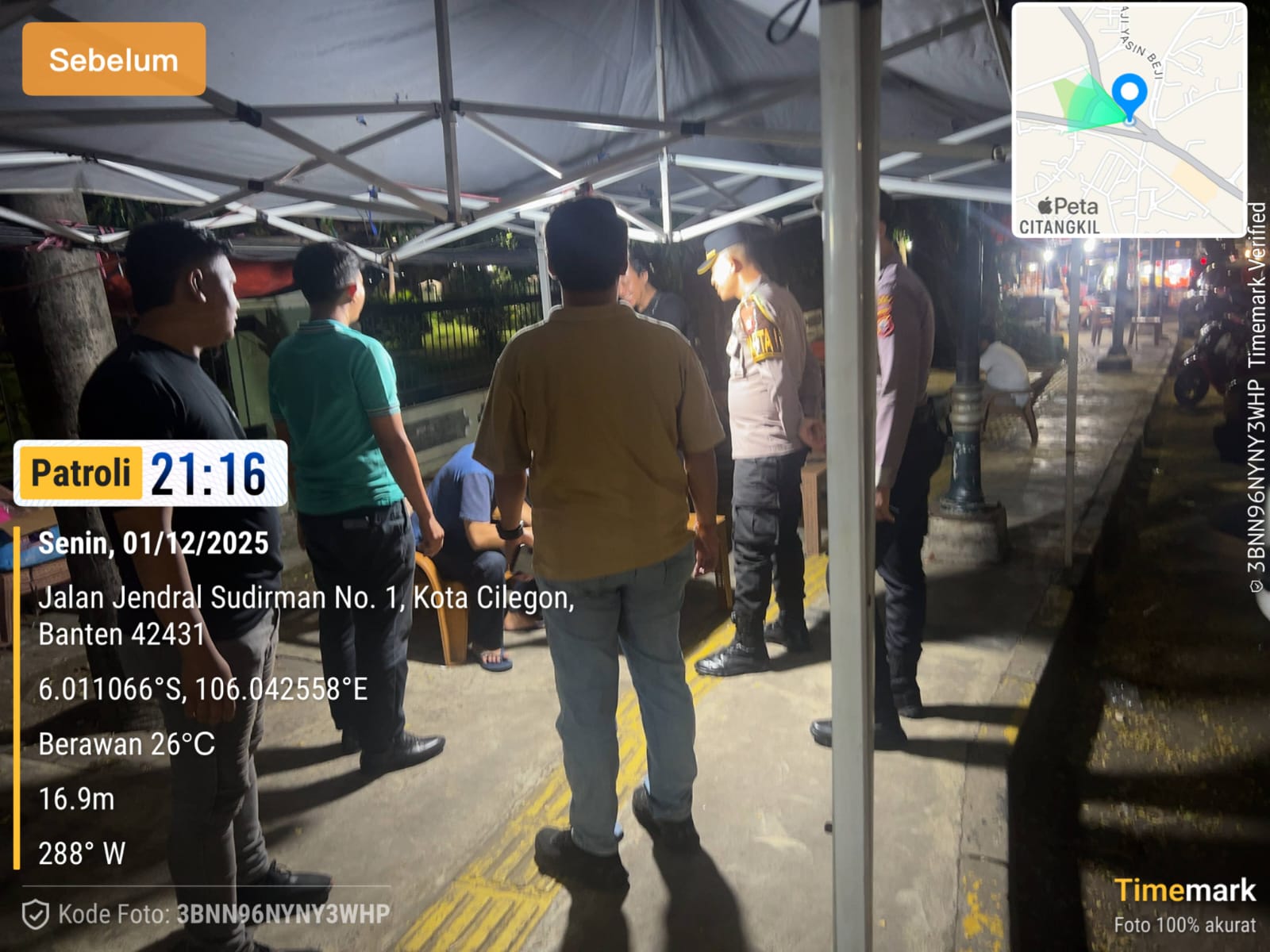 Polres Cilegon melaksanakan pengecekan pos kamling untuk memastikan keamanan lingkungan. Petugas memberikan imbauan kepada warga untuk tetap waspada dan berperan dalam menjaga keamanan.
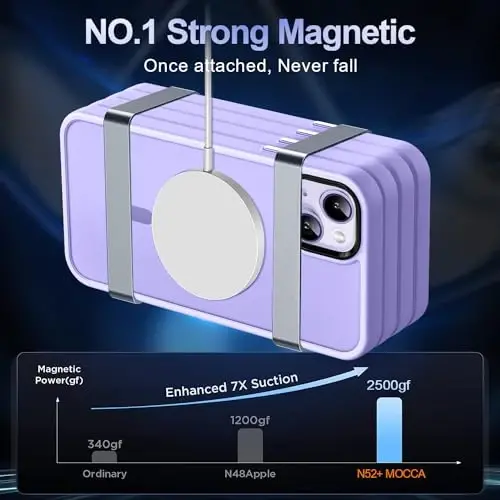 iPhone 13 case, MagSafe, protective, purple, magnetic, screen protector, camera protector, charger, accessory, MOCCA
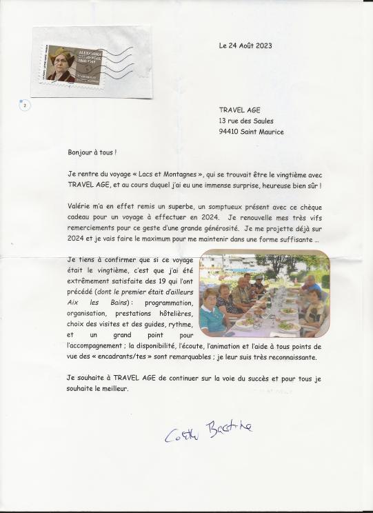 ..." Un grand merci pour ce beau voyage inoubliable "... Annie, 87 ans, Paris (75)
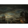 Ecole FRANÇAISE vers 1800, suiveur de Joseph VERNET Feu de camp au port Papier maroufl sur toile 41,5 x 58,5 cm (usures)
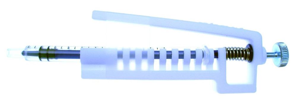 Mounting the syringe with spring requires some practice, be careful not to force the holder:
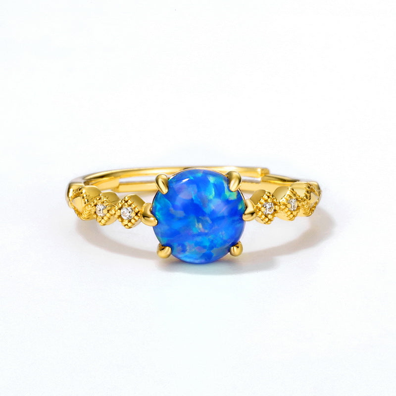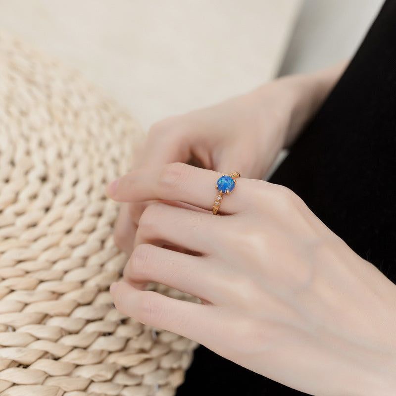 S925 Sterling Silver Jewelry Rings Blue Opal Gemstone Classical Style Refined Rings
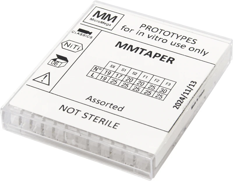 MM TAPER bietet eine vertraute Sequenz und integriert gleichzeitig das einzigartige Design- und Fertigungs-Know-how von Micro-Mega. Das System garantiert optimale Flexibilität und hohe Schnittleistung und passt sich so auch komplexen Wurzelkanalanatomien an. Dank seiner kontrollierten Formgedächtnislegierung und des variablen Kegels ermöglicht MM TAPER eine zuverlässige Formgebung bei gleichzeitiger Reduzierung der Betriebsrisiken. Diese Markteinführung bestätigt das Engagement von Micro-Mega für Exzellenz in der Endodontie Made in France.
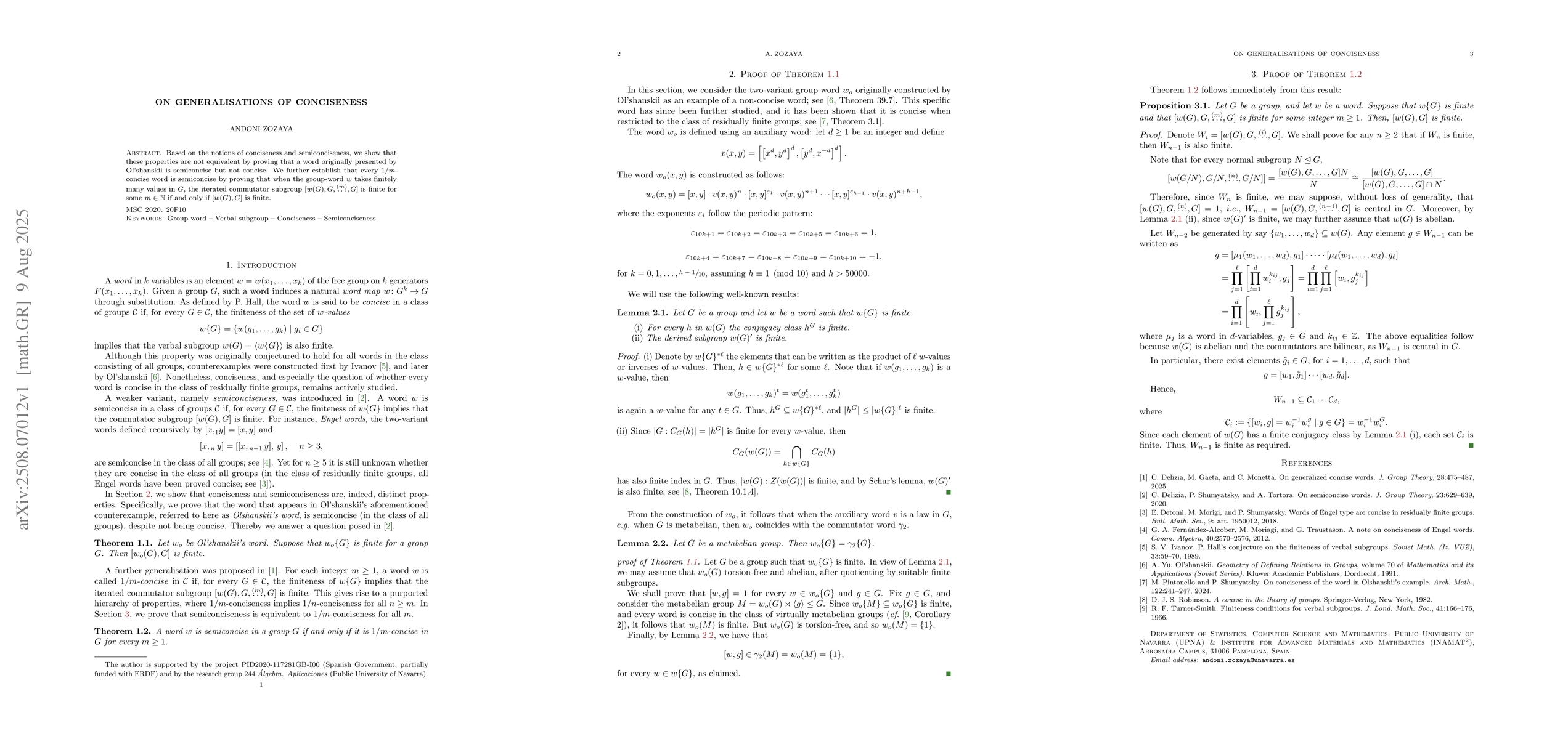 Based on the notions of conciseness and semiconciseness, we show that these properties are not equivalent by proving that a word originally presented by Ol'shanskii is semiconcise but not concise. We further establish that every $1/m$-concise word is semiconcise by proving that when the group word $w$ takes finitely many values in $G$, the iterated commutator subgroup $[w(G), G, \stackrel{(m)}{\dots}, G]$ is finite for some $m \in \mathbb{N}$ if and only if $[w(G), G]$ is finite.
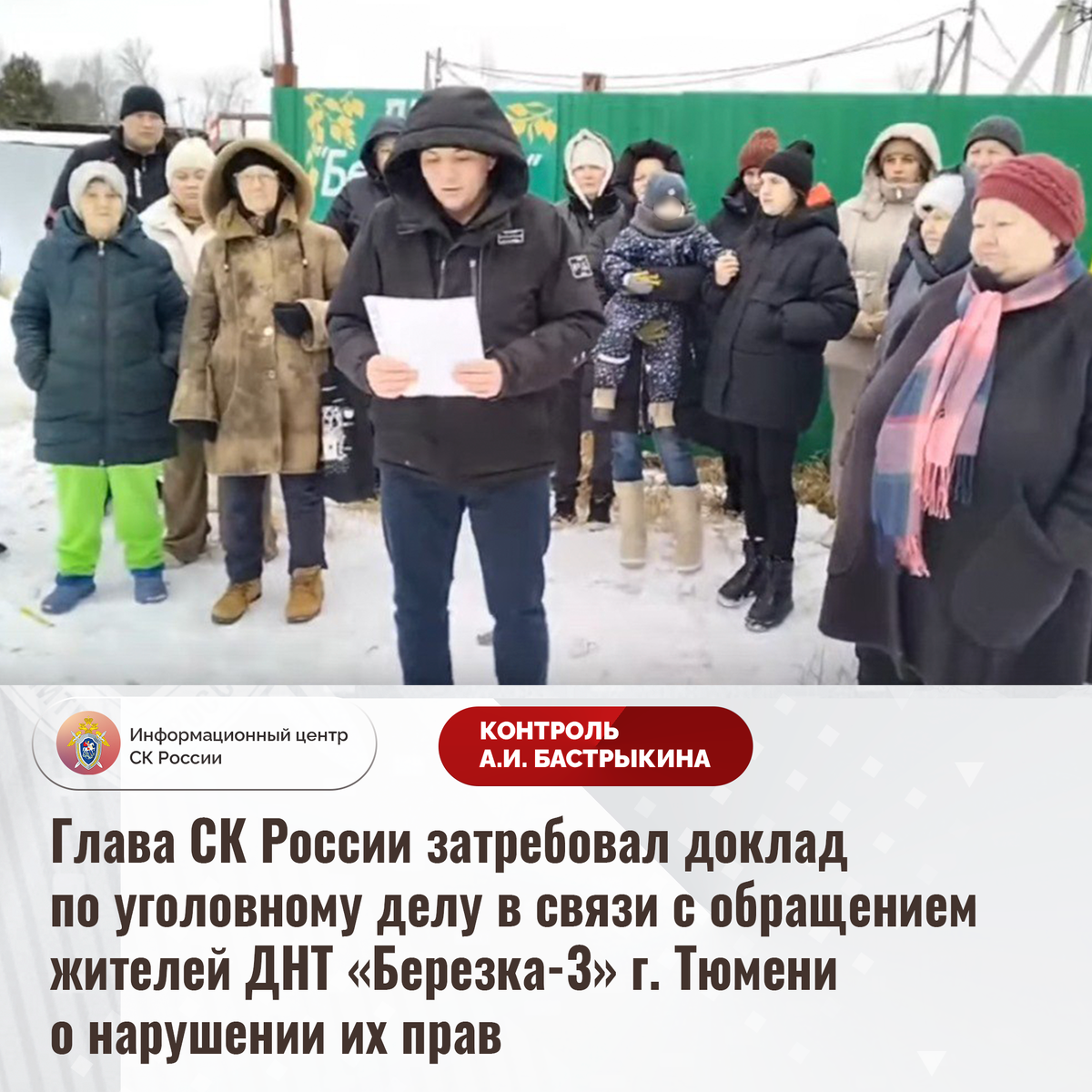 Глава СК России затребовал доклад по уголовному делу в связи с обращением жителей ДНТ «Березка-3» г. Тюмени о нарушении их прав

--*--

▶ Aim of the exercise: Omit the pictures. Write out exactly the lines from the one containing "S925 Sterling Silver" through the last line of the entries, both of them included.

▶ Final answer:
 S925 Sterling Silver Jewelry Rings Blue Opal Gemstone Classical Style Refined Rings
 MM TAPER bietet eine vertraute Sequenz und integriert gleichzeitig das einzigartige Design- und Fertigungs-Know-how von Micro-Mega. Das System garantiert optimale Flexibilität und hohe Schnittleistung und passt sich so auch komplexen Wurzelkanalanatomien an. Dank seiner kontrollierten Formgedächtnislegierung und des variablen Kegels ermöglicht MM TAPER eine zuverlässige Formgebung bei gleichzeitiger Reduzierung der Betriebsrisiken. Diese Markteinführung bestätigt das Engagement von Micro-Mega für Exzellenz in der Endodontie Made in France.
 Based on the notions of conciseness and semiconciseness, we show that these properties are not equivalent by proving that a word originally presented by Ol'shanskii is semiconcise but not concise. We further establish that every $1/m$-concise word is semiconcise by proving that when the group word $w$ takes finitely many values in $G$, the iterated commutator subgroup $[w(G), G, \stackrel{(m)}{\dots}, G]$ is finite for some $m \in \mathbb{N}$ if and only if $[w(G), G]$ is finite.
 Глава СК России затребовал доклад по уголовному делу в связи с обращением жителей ДНТ «Березка-3» г. Тюмени о нарушении их прав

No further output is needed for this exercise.